Shrewsbury Town Council staff have installed a sedum roof on one of its bus shelters on Radbrook Road as part of a trial to assess their effectiveness at reducing carbon in an urban setting in the town.
The Town Council declared a Climate Emergency in 2019 and is actively looking at ways to reduce its carbon footprint to become carbon neutral by 2030.
Mark Harris, asset maintenance officer for the Town Council, said: “As part of the Council’s commitment to declaring a Climate Emergency, we are looking at ways to reduce our carbon footprint. The trial of the sedum roof will enable us to gauge their effectiveness, especially in an area along a main road where levels of pollution are higher.

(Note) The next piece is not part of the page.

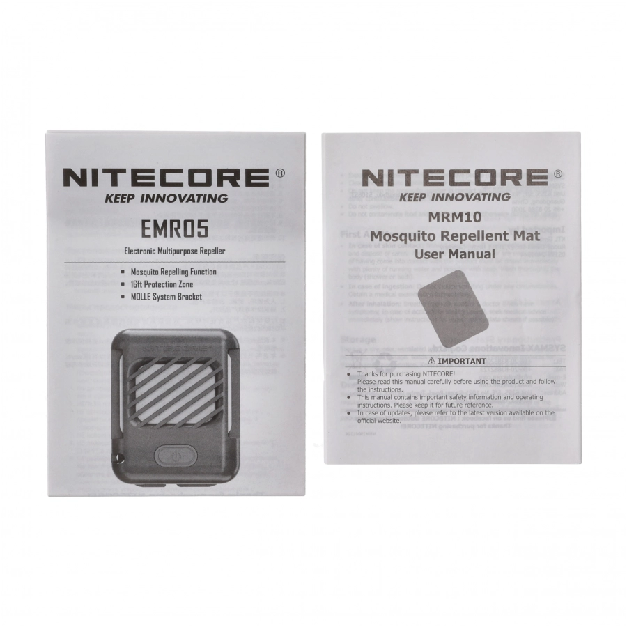 | Nitecore EMR10 Lite | 5 | Komarami, Gryzoniami, Wężami, Skunksami, Karaluchami | Tak | 12 | 167 × 60 × 33,5 | 135 | Ultradźwięki, powerbank, odporność na upadki do 1 m | ||||||

“Our sedum roof is a low-growing feature with a shallow root system, which won’t become overgrown once it is established. The long-term maintenance of this green roof means that our staff won’t have to water, deadhead or mow the plants on a regular basis – all they have to do is a yearly feed, some weeding and a check to see if the roof is draining well.”
A living roof, planted over a waterproof membrane, will help to provide a habitat for wildlife as part of an urban wilderness, which will attract beneficial insects, birds, bees and butterflies.
Mark Harris added that the plants will also help to filter pollutants and carbon dioxide out of the air. “We are looking forward to seeing the results of this trial, and whilst this may be one small step towards helping to reduce harmful emissions, we need to consider the long-term effects on the climate and biodiversity as well as the health of our residents and visitors.”